# Jspec B12 front clip w/grill!



## boost_boy (May 25, 2002)

Here's a pic of my nose cut from the JDM B12 sunny.


----------



## minute rice sentra (Mar 21, 2003)

nice! how much did it $et you back?


----------



## boost_boy (May 25, 2002)

$125........I just wanted the grill


----------



## minute rice sentra (Mar 21, 2003)

that's insanely chaep!where did you get it from and how about a side view of that bumper and would that all amber corner light bolt right on to a US B-12?


----------



## boost_boy (May 25, 2002)

My friend accidentally got it in and I saw it and had to have it!


----------



## minute rice sentra (Mar 21, 2003)

i wish i could accidently get stuff like that!


----------



## B12 Dream Boy (Mar 19, 2003)

oops, a skyline fell into my yard.


----------



## minute rice sentra (Mar 21, 2003)

B12 Dream Boy said:


> *oops, a skyline fell into my yard. *


exactly, lol!


----------



## Nismodriver (Apr 30, 2002)

I have already done this front end conversion. Everything bolts up. The JDM headlights have different housings and use H4 bulbs. Brighter than stock. They also have the daytime running lights in them. I didn't use em because I have HID's for my 9004. The corners and grill clip right in. If you can get your hands on em, they look awesome. It goes nicely w/ my Xenon/Nissan Motorsports front air dam.

John


----------



## minute rice sentra (Mar 21, 2003)

Nismodriver said:


> *I have already done this front end conversion. Everything bolts up. The JDM headlights have different housings and use H4 bulbs. Brighter than stock. They also have the daytime running lights in them. I didn't use em because I have HID's for my 9004. The corners and grill clip right in. If you can get your hands on em, they look awesome. It goes nicely w/ my Xenon/Nissan Motorsports front air dam.
> 
> John *


do you have the all amber corner lights too?


----------



## Nismodriver (Apr 30, 2002)

Yeppers.

John


----------



## Sr20 B12 (May 1, 2002)

I love this grill.... 










This is only the second B12 that I have see with it. 

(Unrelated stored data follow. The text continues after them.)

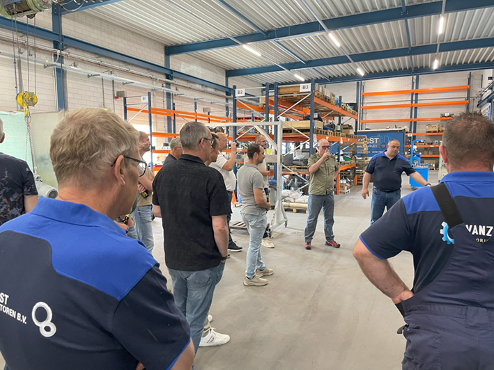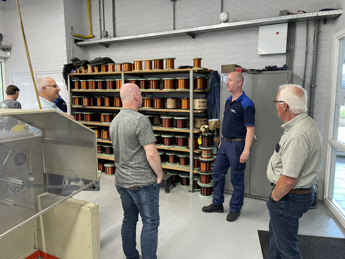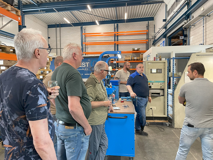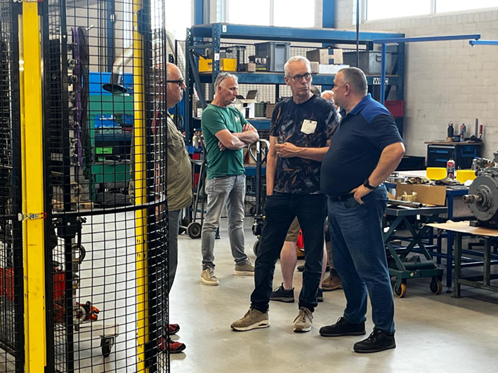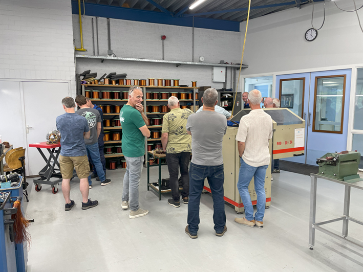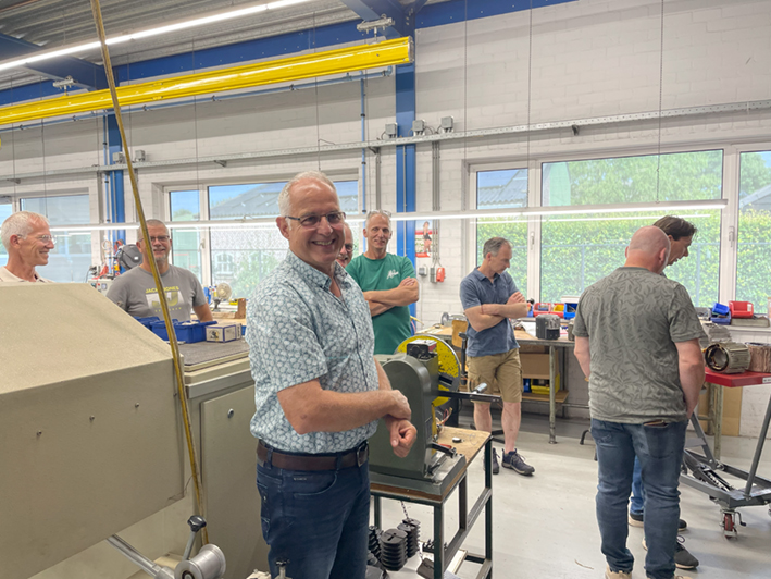 Eigenaar Rob van Zelst ging in zijn presentatie dieper in op de geschiedenis, achtergronden en mogelijkheden van Van Zelst Aandrijftechniek. Hoe ons bedrijf – in 1966 opgericht door vader Albert en moeder Janny als ‘Electr. techn. reparatiebedrijf Van Zelst’ – zich steeds heeft aangepast aan de eisen en wensen van de tijd. Nieuwe branches brachten nieuwe technieken met zich mee. Aandrijftechniek gaat immers om veel meer dan elektromotoren alleen. We onderhouden, repareren, reviseren en leveren bijvoorbeeld pompen, schakelkasten, frequentieregelaars, ventilatoren en nog veel meer. De bezoekers kregen tijdens hun rondleiding bij de machines uitleg over wikkelen, balanceren, trillingsmetingen en vlamspuiten bijvoorbeeld. We namen hen mee langs onze uitgebreide voorraden reservemotoren en occasions en konden hen meer vertellen over het bijzondere technische ambacht van ons team.
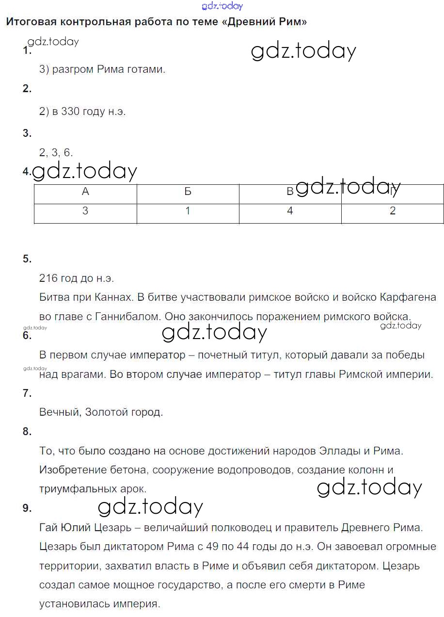 На страницах сайта gdz.today вы найдете учебный и вспомогательный материал, направленный на улучшения знаний школьной программы. ГДЗ - онлайн мир знаний Итоговая контрольная работа по теме Древний Рим Решение к главе 15. Разгром Рима германцами и падение Западной Римской империи Вариант №1 Проверочным и контрольным работам по Истории для 5 класса Крючкова  Просвещение  2015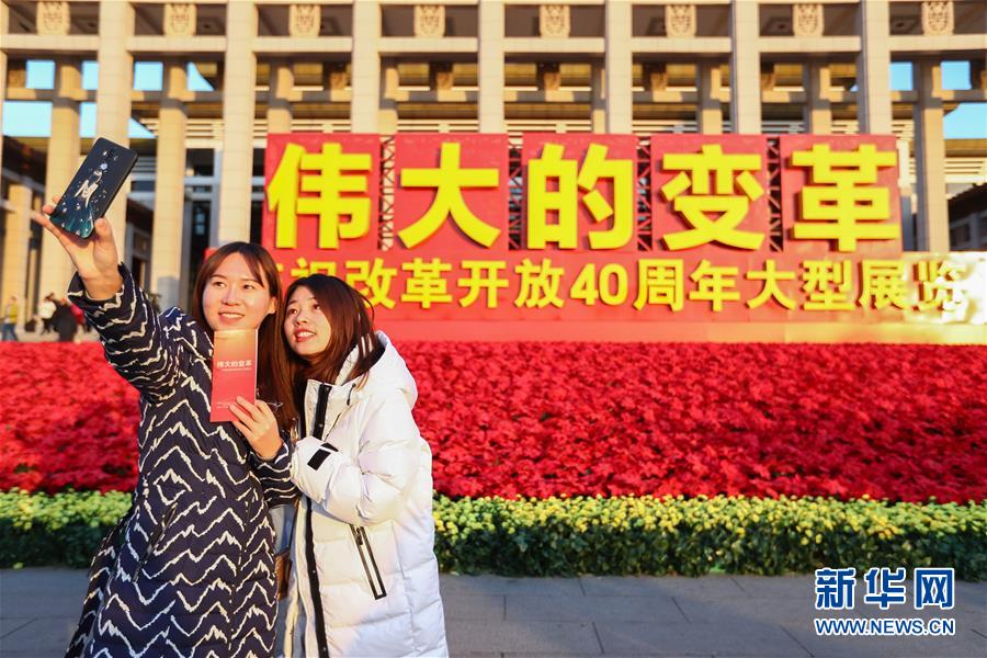 12月18日,參觀者在“偉大的變革——慶祝改革開放40周年大型展覽”外自拍留影。 截至當日,在中國國家博物館舉行的“偉大的變革——慶祝改革開放40周年大型展覽”累計參觀人數突破160萬人次。 新華社記者 張玉薇 攝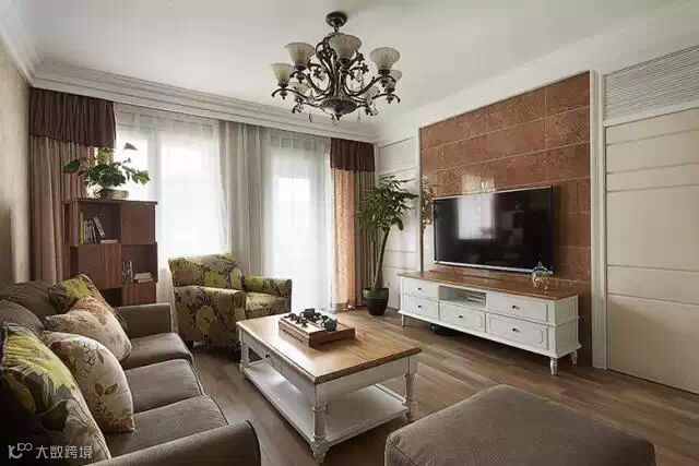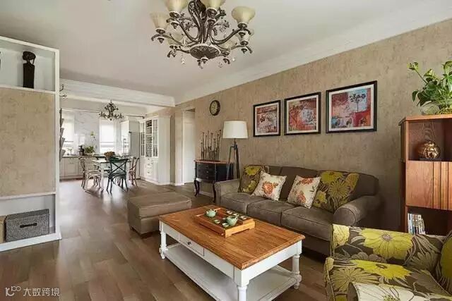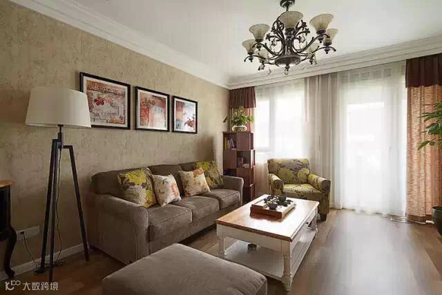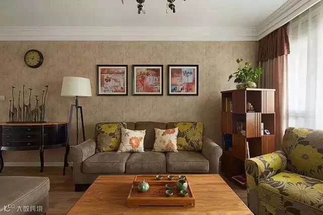 客厅的布艺沙发选择了比较稳重的颜色,墙上的三幅画都是网购,包括那个美式的挂钟。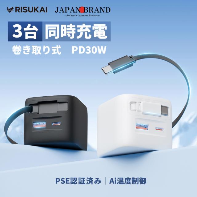 リスカイ★伸縮式充電ケーブル★ Type-C充電ケーブル付き携帯電話充電器 iPhone対応 PD 30W急速充電 USBインターフェース 伸縮式 Lightningケーブル デュアルポートアダプター データケーブル 折りたたみ式プラグ 持ち運び便利&スッキリ収納!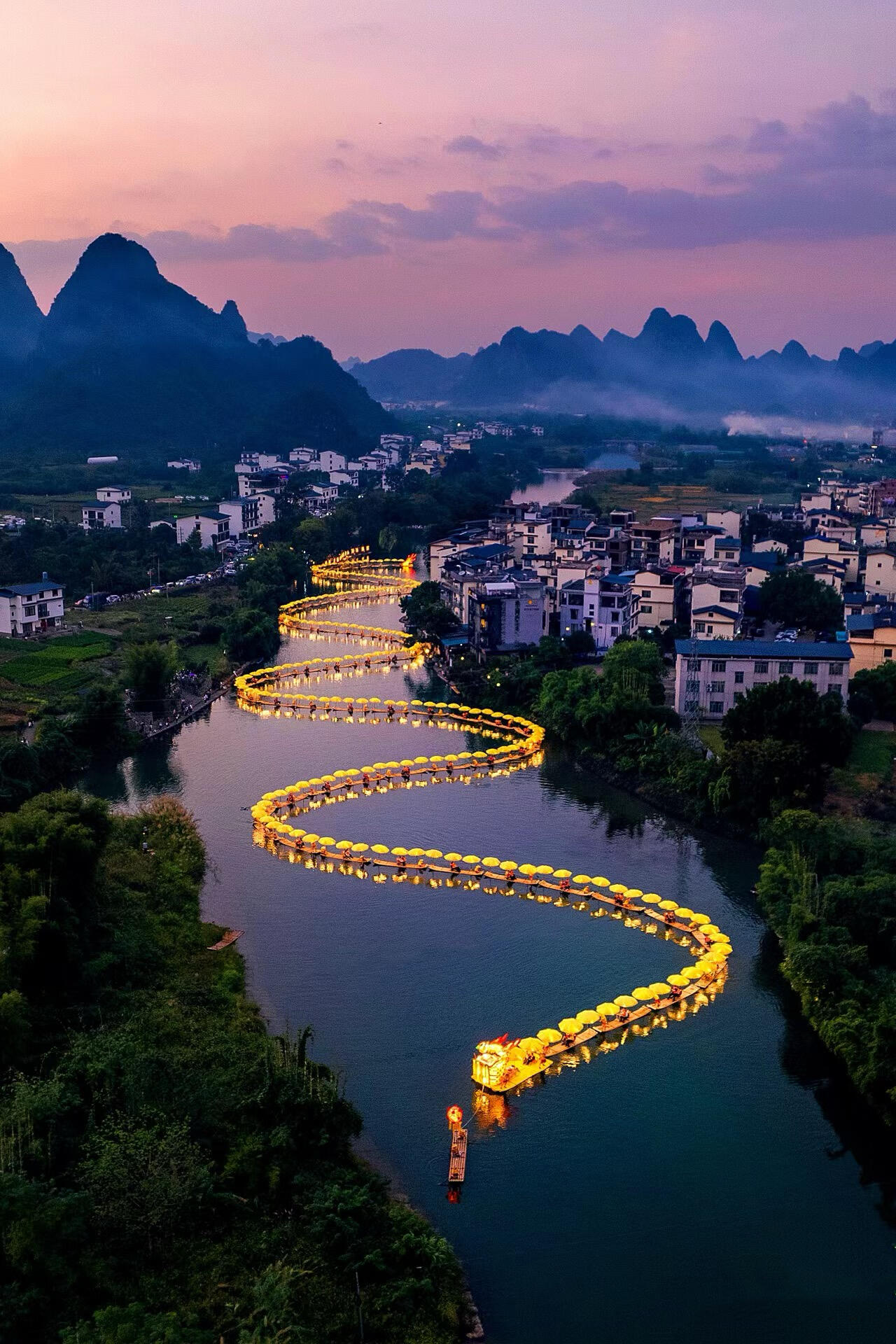 日暮遇龙河,看灯火竹筏蜿蜒碧波,群山朦胧,开启一场梦幻的山水夜行

PS: All hail the mighty hatch


----------



## boost_boy (May 25, 2002)

I think with turbocharged applications, the grill with the more ventilation seems to be the way to go, but that grill does look nice as do the car. Hey "Nismodriver" I have never seen a photo of your car and the SR20 set up. Anyone have pics of his car?


----------



## SENTRASER (Jan 6, 2005)

:showpics:


----------